Each feeding study lasts about 45 days, using about 60 mid-lactation cows. White says one of her roles is to try to figure out what makes one cow different than another.
“If they’re in the same pen at the same time eating the same diet and it’s the same weather and the same management, why is one cow more efficient than the other?” she asks. “Some animals, must like people, are just more efficient at using what they eat.”
She evaluates blood metabolites and liver function and examines cows’ eating behavior – whether they eat small meals or large meals and how many times of the day they grab a bite to eat. All of the data goes into the pool of knowledge collected by the various research sites.
Lloyd Holterman, co-owner of Rosy Lane Holsteins near Watertown with his wife, Daphne, has been monitoring the study in his role as chairman of the Council on Dairy Cattle Breeding’s Producer Advisory Committee. The CDCB co-sponsors the research project along with the Washington, D.C.-based Foundation for Food and Agriculture Research.
Holterman says because logic dictates that smaller cows eat less than bigger cows, the challenge moving forward genetically will be to build smaller cows that give more milk.
“What we want is the most profitable cow, and this feeds into this whole sustainability thing,” he says. “If we have more of a moderate-sized cow, those cows will be more sustainable and have a smaller carbon footprint.
“For the last 20 or 25 years, people who have been analyzing body condition on herds have been saying they want a strong cow that carries body condition.
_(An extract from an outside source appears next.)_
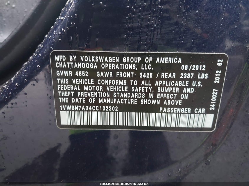 • 1VWBN7A34CC102302
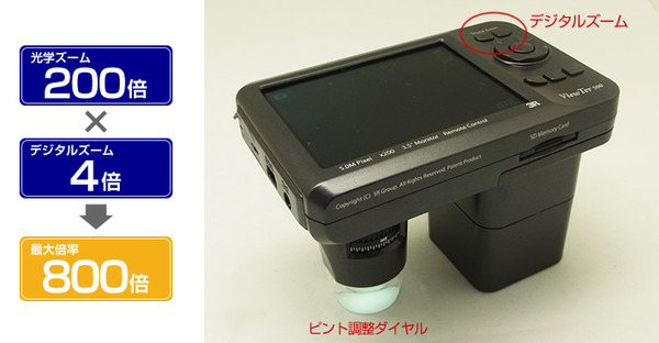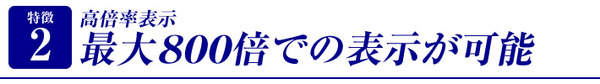 拡大倍率:200倍 × デジタルズーム:4倍で最大800倍での表示が可能。

Now we’re saying less body condition is better. It will take time to know if we’re right. But in the long run we’re going to make progress. We’re going to be selecting the bulls that provide the genetics that make sense.”
A research paper summarizing the project notes that the lifetime feed efficiency of dairy cows has more than doubled in the past 70 years because of increased milk production per cow, however, the fact that cows have gotten larger at the same time is counter to the goal of increasing efficiency.
“If cows had simply gotten larger as we bred for greater milk production, this might be acceptable,” the research summary notes. “However, it seems we have bred for larger cows simply because we like larger cows and think they should produce more milk. If we want more milk, we should breed for more milk. What matters is how much milk energy a cow produces relative to her body weight.”
Peñagaricano says it is important for the dairy industry to show society that it is doing something to reduce its carbon footprint.
“If you need less feed to produce the same amount of milk, that means less land, less manure, less emissions and at the end of the day, it’s a win-win for everybody,” he says. “In 2022 and beyond, we have to address those concerns.”
“Agriculture as a whole has a challenge in front of us to feed the world’s growing population with fewer and fewer people (involved in farming),” White says. “If we can make nutritious food for human consumption using fewer resources, then we can better serve the population.”
White says the study is likely to continue long into the future because now that the feed efficiency equation is part of the Net Merit Index, if the data collection stops, it will immediately be outdated.
“The genetics of the cows in the national herd will have surpassed the data set unless we continue to collect the data,” she says. “I think there’s a lot of value in continuing the work.”
Weigel says the project was started with federal grants but the transition is being made to private funding through the support of the CDCB, an industry group, and the FFAR, a research foundation.
“The CDCB is already working on what the next step will look like,” he says. “We’ll be doing this for a while, maybe another 10 or 20 years and maybe longer.”